Side benefit: we now check which values were updated and only send
IPIs to cpus that actually have updates.

Cc: Vikas Shivappa <[email protected]>
Cc: Fenghua Yu <[email protected]>
Cc: [email protected]
Cc: [email protected]
Tested-by: Sai Praneeth Prakhya <[email protected]>
Signed-off-by: Tony Luck <[email protected]>
Signed-off-by: Vikas Shivappa <[email protected]>
---
Documentation/x86/intel_rdt_ui.txt | 14 ++++++
arch/x86/include/asm/intel_rdt.h | 10 ++---
arch/x86/kernel/cpu/intel_rdt.c | 2 -
arch/x86/kernel/cpu/intel_rdt_schemata.c | 76 ++++++++++++++------------------
4 files changed, 51 insertions(+), 51 deletions(-)

diff --git a/Documentation/x86/intel_rdt_ui.txt b/Documentation/x86/intel_rdt_ui.txt
index 51cf6fa..3ea1984 100644
--- a/Documentation/x86/intel_rdt_ui.txt
+++ b/Documentation/x86/intel_rdt_ui.txt
@@ -129,6 +129,20 @@ schemata format is always:

L2:<cache_id0>=<cbm>;<cache_id1>=<cbm>;...

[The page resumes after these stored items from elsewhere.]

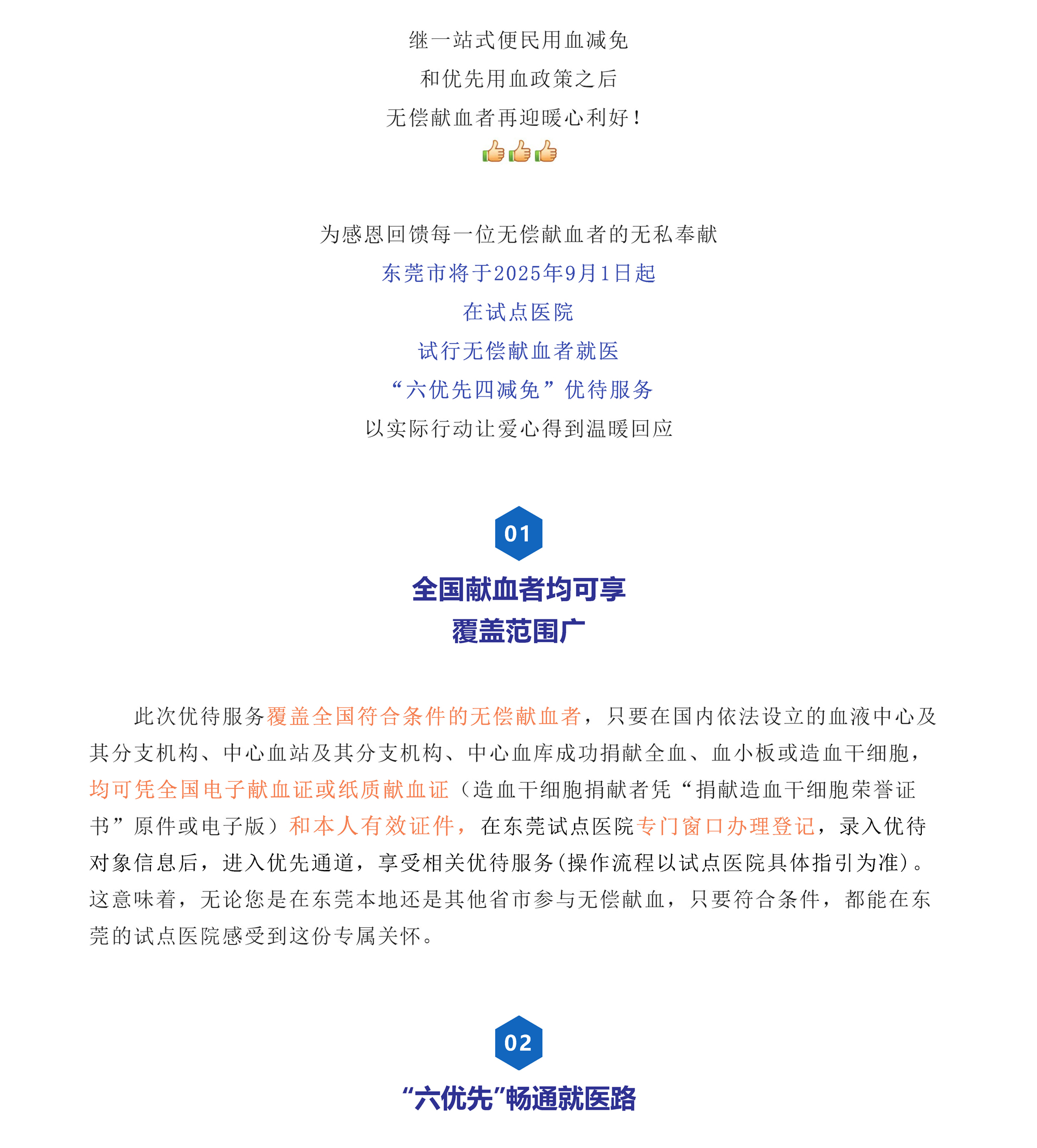 无偿献血者在东莞就医可享“六优先四减免”优待
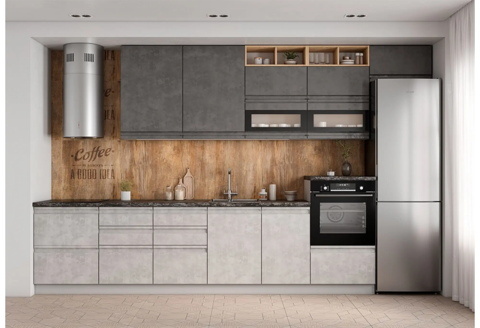 Модульная кухня "Скала" Бетон светлый / Бетон тёмный МДФ Композиция №1
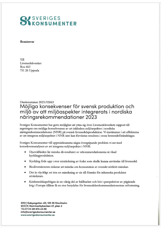 Sveriges Konsumenter vill uppmärksamma några övergripande problem vi ser med konsekvensanalysen av att integrera miljöaspekter i NNR:

+Reading/writing the schemata file
+---------------------------------
+Reading the schemata file will show the state of all resources
+on all domains. When writing you only need to specify those values
+which you wish to change. E.g.
+
+# cat schemata
+L3DATA:0=fffff;1=fffff;2=fffff;3=fffff
+L3CODE:0=fffff;1=fffff;2=fffff;3=fffff
+# echo "L3DATA:2=3c0;" > schemata
+# cat schemata
+L3DATA:0=fffff;1=fffff;2=3c0;3=fffff
+L3CODE:0=fffff;1=fffff;2=fffff;3=fffff
+
Example 1
---------
On a two socket machine (one L3 cache per socket) with just four bits
diff --git a/arch/x86/include/asm/intel_rdt.h b/arch/x86/include/asm/intel_rdt.h
index 0d64397..d770527 100644
--- a/arch/x86/include/asm/intel_rdt.h
+++ b/arch/x86/include/asm/intel_rdt.h
@@ -76,10 +76,7 @@ struct rftype {
* @min_cbm_bits: Minimum number of consecutive bits to be set
* in a cache bit mask
* @domains: All domains for this resource
- * @num_domains: Number of domains active
* @msr_base: Base MSR address for CBMs
- * @tmp_cbms: Scratch space when updating schemata
- * @num_tmp_cbms: Number of CBMs in tmp_cbms
* @cache_level: Which cache level defines scope of this domain
* @cbm_idx_multi: Multiplier of CBM index
* @cbm_idx_offset: Offset of CBM index. CBM index is computed by:
@@ -94,10 +91,7 @@ struct rdt_resource {
int min_cbm_bits;
u32 max_cbm;
struct list_head domains;
- int num_domains;
int msr_base;
- u32 *tmp_cbms;
- int num_tmp_cbms;
int cache_level;
int cbm_idx_multi;
int cbm_idx_offset;
@@ -109,12 +103,16 @@ struct rdt_resource {
* @id: unique id for this instance
* @cpu_mask: which cpus share this resource
* @cbm: array of cache bit masks (indexed by CLOSID)
+ * @new_cbm: new cbm value to be loaded
+ * @have_new_cbm: did user provide new_cbm for this domain
*/
struct rdt_domain {
struct list_head list;
int id;
struct cpumask cpu_mask;
u32 *cbm;
+ u32 new_cbm;
+ bool have_new_cbm;
};

/**
diff --git a/arch/x86/kernel/cpu/intel_rdt.c b/arch/x86/kernel/cpu/intel_rdt.c
index 5a533fe..329b887 100644
--- a/arch/x86/kernel/cpu/intel_rdt.c
+++ b/arch/x86/kernel/cpu/intel_rdt.c
@@ -309,7 +309,6 @@ static void domain_add_cpu(int cpu, struct rdt_resource *r)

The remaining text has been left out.